There is another way, you have to find the variable that holds the learning rate and assign it another value.
optimizer = tf.keras.optimizers.Adam(0.001)
optimizer.learning_rate.assign(0.01)
print(optimizer.learning_rate)
output:
<tf.Variable 'learning_rate:0' shape=() dtype=float32, numpy=0.01>

You can change lr during training with
from keras.callbacks import LearningRateScheduler
# This is a sample of a scheduler I used in the past
def lr_scheduler(epoch, lr):
decay_rate = 0.85
decay_step = 1
if epoch % decay_step == 0 and epoch:
return lr * pow(decay_rate, np.floor(epoch / decay_step))
return lr
Apply scheduler to your model
callbacks = [LearningRateScheduler(lr_scheduler, verbose=1)]
model = build_model(pretrained_model=ka.InceptionV3, input_shape=(224, 224, 3))
history = model.fit(train, callbacks=callbacks, epochs=EPOCHS, verbose=1)

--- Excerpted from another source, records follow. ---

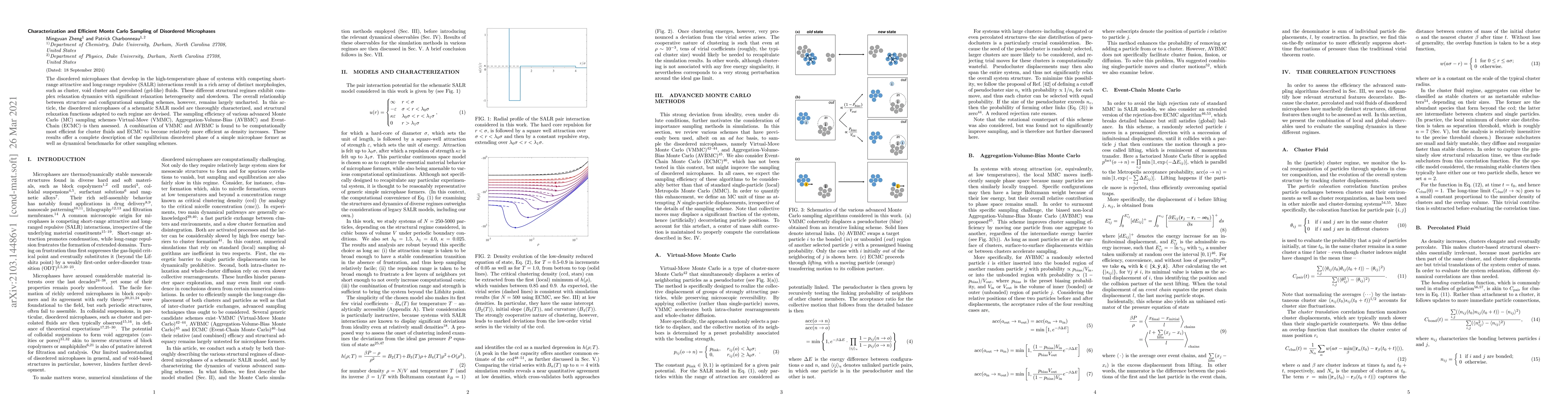 Researchers characterized disordered microphases in a SALR model, devised structural relaxation functions for distinct morphologies, and assessed the efficiency of various Monte Carlo sampling schemes, finding that a combination of Virtual-Move and Aggregation-Volume-Bias methods is most efficient for cluster fluids.
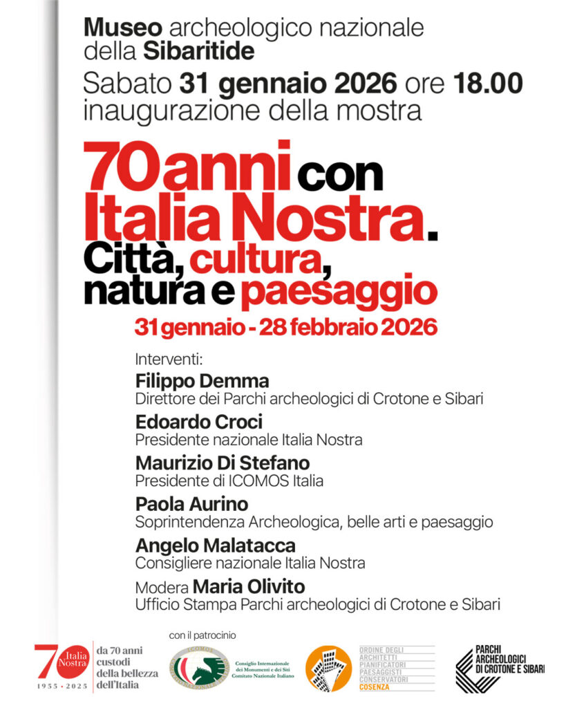 Il Museo archeologico nazionale della Sibaritide ospita, a partire dal 31 gennaio 2026, la mostra “70 anni con Italia Nostra. Città, cultura, natura e paesaggio”, un’esposizione dedicata alla storia e all’impegno di una delle più importanti associazioni italiane per la tutela del patrimonio culturale e ambientale.
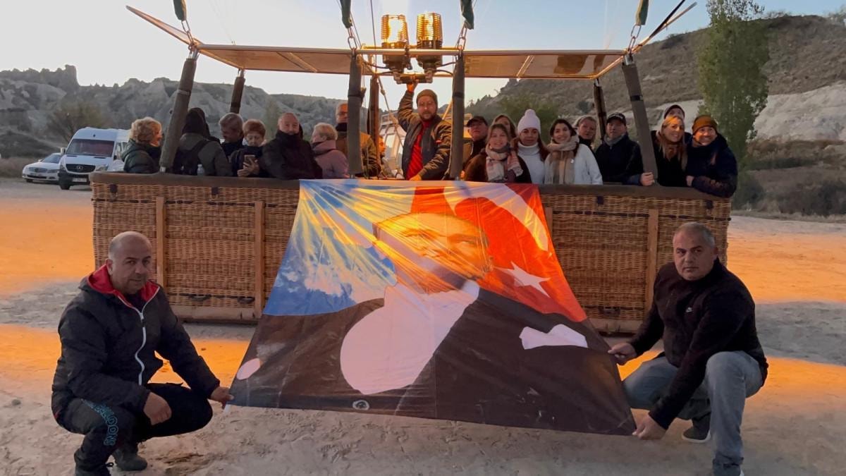 Tura katılanlar, 29 Ekim Cumhuriyet Bayramı’nı Kapadokya semalarında uçarak kutladı.
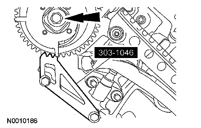 14. CAUTION: Damage to the camshaft phaser sprocket assembly will occur if mishandled or used as a lifting or leveraging device.
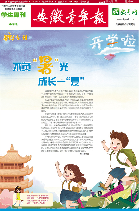 《安徽青年报·学生周刊》励志启智,开阔视野,净化心灵,陶冶情操,参与互动,集新闻性、知识性、趣味性、互动性为一体,是小学生成长的良师益友、参与互动的平台、沟通老师家长的纽带。
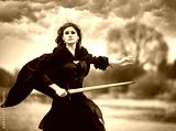 The beautiful gothic girl holds a sword in a hand

You should define it in the compile function :
optimizer = keras.optimizers.Adam(lr=0.01)
model.compile(loss='mse',
optimizer=optimizer,
metrics=['categorical_accuracy'])
Looking at your comment, if you want to change the learning rate after the beginning you need to use a scheduler : link
Edit with your code and scheduler:
from keras.models import Sequential
from keras.layers import Dense
import keras
import numpy as np
def lr_scheduler(epoch, lr):
if epoch > 50:
lr = 0.001
return lr
return lr
model = Sequential()
model.add(Dense(1, input_shape=(10,)))
optimizer = keras.optimizers.Adam(lr=0.01)
model.compile(loss='mse',
optimizer=optimizer)
callbacks = [keras.callbacks.LearningRateScheduler(lr_scheduler, verbose=1)]
model.fit(np.random.randn(50,10), np.random.randn(50), epochs=100, callbacks=callbacks)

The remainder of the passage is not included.